Disclaimer: I am a lawyer, but I am only able to advise on the law of England and Wales. I have no particular knowledge of the law of the Bahamas, New York or Delaware. What follows in any case are generic comments: any particular situation will depend on its own facts and you should take specific legal advice.
We have laws to decide what happens in this situation. These laws generally strike a reasonable balance between the interests of the various groups affected, which is necessarily complex given that some people are bound to get burnt in an insolvency. This will be a particularly complex case because of the numerous entities involved and the cross-jurisdictional elements.
There is probably a right answer. Charity trustees must use their funds for their charitable purposes, so unless they are obliged to return the funds, they may well be forbidden from doing so. If funds are returned, they must only returned to a person who can give good receipt for them, and there may be a dispute as to who that person is. I would suggest that no funds be returned until confirmation has been obtained from all relevant jurisdictions, and this may take some time. In particular, it's unclear to me how the US Attorney for SDNY is getting in on this.
In these circumstances, I would strongly suggest that for now, any funds which might be FTX customer funds or otherwise the proceeds of fraud should be held separately pending confirmation of the position. Where funds have already been disbursed it's probably unnecessary (and not legally possible) to require the grantees to return them, but having been put on notice that the funds may be the proceeds of fraud, making further disbursements risks an accessory liability (which may attach to the individuals responsible).
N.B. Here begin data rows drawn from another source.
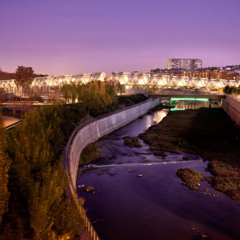.../... "Now people who opened their windows onto the sound of cars, open their windows onto the sound of birds,” is how Ms. Martínez, the Madrid official, put it. It’s only a pity that the city also awarded Dominique Perrault, one of the celebrity architects who lost the competition, a late commission. Evidently nervous about leaving the project without a new architectural landmark, the government approved his costly design for an oversize footbridge.  Wrapped in an immense, incongruous spiral of Mr. Perrault’s signature stainless-steel mesh, the striking bridge blocks views and conjures up some giant antenna that has crashed in the park."
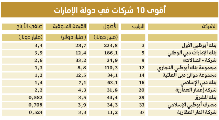 ولفت التصنيف إلى دخول «شركة أرامكو السعودية»، وتصدرها قائمة أقوى 100 شركة في الشرق الأوسط، بقيمة سوقية تبلغ 1.6 تريليون دولار، فيما سجل بنك أبوظبي الأول المرتبة الثالثة بقيمة سوقية تبلغ 28.7 مليار دولار.
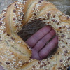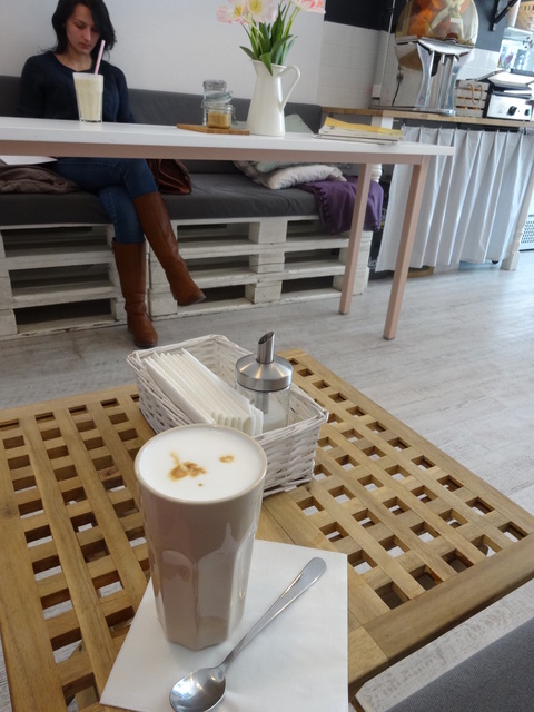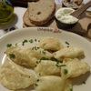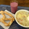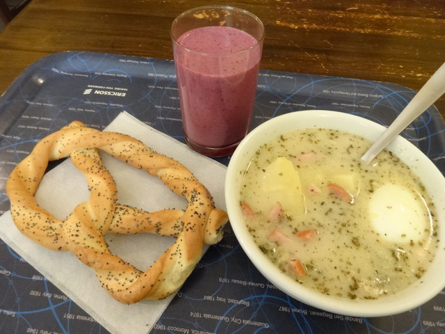 ポーランド3日目、朝ご飯は近くのバルでプレッツェルとポーランドの具だくさんスープ「ジューレック」、ブルーベリーのラッシーみたいなの。

If a UK charity is uncertain how to proceed, it may well be worth consulting the Charity Commission. I think particularly it would be worthwhile getting the Charity Commission to approve anything which might look like a voluntary transfer (e.g. if the trustees were minded to comply with a request from a liquidator to return funds without being compelled to do so).
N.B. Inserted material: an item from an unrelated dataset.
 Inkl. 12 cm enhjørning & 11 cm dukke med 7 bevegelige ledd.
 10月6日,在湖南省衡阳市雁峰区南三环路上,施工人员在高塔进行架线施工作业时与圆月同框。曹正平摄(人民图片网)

Two possible legal consequences of this information I can think of off the top of my head (please consult your lawyer about your individual legal situation!):
Certainly consult an attorney if you are holding unspent FTX grant funds.
The above answer is focused only on bankruptcy issues. That’s almost water under the bridge at this point: it is a virtual certainty that all FTX grant funds can be clawed back by the bankruptcy estate. That’s not even a legitimate dispute any more. It’s just a matter of whether your particular grant is small enough that you might fly under the radar (unlikely, and if that’s the thin reed you are relying on then you are as unwise as an FTX investor).
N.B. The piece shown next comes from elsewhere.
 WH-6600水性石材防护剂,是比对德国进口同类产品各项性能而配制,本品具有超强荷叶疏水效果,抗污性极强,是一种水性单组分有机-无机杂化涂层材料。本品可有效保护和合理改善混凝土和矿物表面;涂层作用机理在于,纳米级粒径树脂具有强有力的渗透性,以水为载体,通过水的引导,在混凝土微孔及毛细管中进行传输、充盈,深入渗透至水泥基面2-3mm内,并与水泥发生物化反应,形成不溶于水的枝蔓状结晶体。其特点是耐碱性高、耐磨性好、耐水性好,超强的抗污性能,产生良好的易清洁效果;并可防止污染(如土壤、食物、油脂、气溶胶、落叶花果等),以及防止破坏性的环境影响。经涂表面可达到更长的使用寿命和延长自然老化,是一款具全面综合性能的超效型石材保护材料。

The above answer overlooks that - since a federal criminal indictment has now issued - those holding unspent FTX grant funds are now holding known stolen proceeds. This is now the criminal law realm, not the bankruptcy realm. If someone robs a jewelry store and then gives you a stolen necklace, once you learn that the necklace is stolen property you do not have the right to keep it. You must return it to the jewelry store. If you otherwise dispose of it, after learning that it was stolen, you do so at your peril. Potential criminal peril.
People now know that all FTX funds were, and are, stolen. At this point there is no genuine question about what to do with unspent FTX funds.
It is remarkable (from someone outside the EA community) the self-serving denial and rationalization that is going on about what to do with unspent FTX grant funds. There is only one lawful (and ethical) answer.
Can you cite a criminal prosecution under these circumstances -- a scammer converts client funds and donates them to an unknowing charity, which does not return them on its own initiative? I can think of a counterexample -- Minnesota retroactively changed its fraudulent conveyance law to protect certain charities who had received donations from Ponzi scammer Tom Peters. That wouldn't have accomplished anything of note if retention of those funds was a crime. Somewhat similar discussion here with the American Cancer Society successfully defending a clawback in a Ponzi-like case. Do you think their lawyers just missed that these charities were holding on to stolen funds, and the federal courts that decided those cases couldn't be bothered to mention that in passing?
There has also been zero discussion of potential criminal consequences in any statement I've read by a lawyer in the press about this matter. Notably, if the USA for SDNY viewed the situation the way you do, he would have presumably done more than "ask that you work with us . . . " And the world's most powerful person with a law degree has been mum so far on whether he will return $5.2MM in contributions from SBF.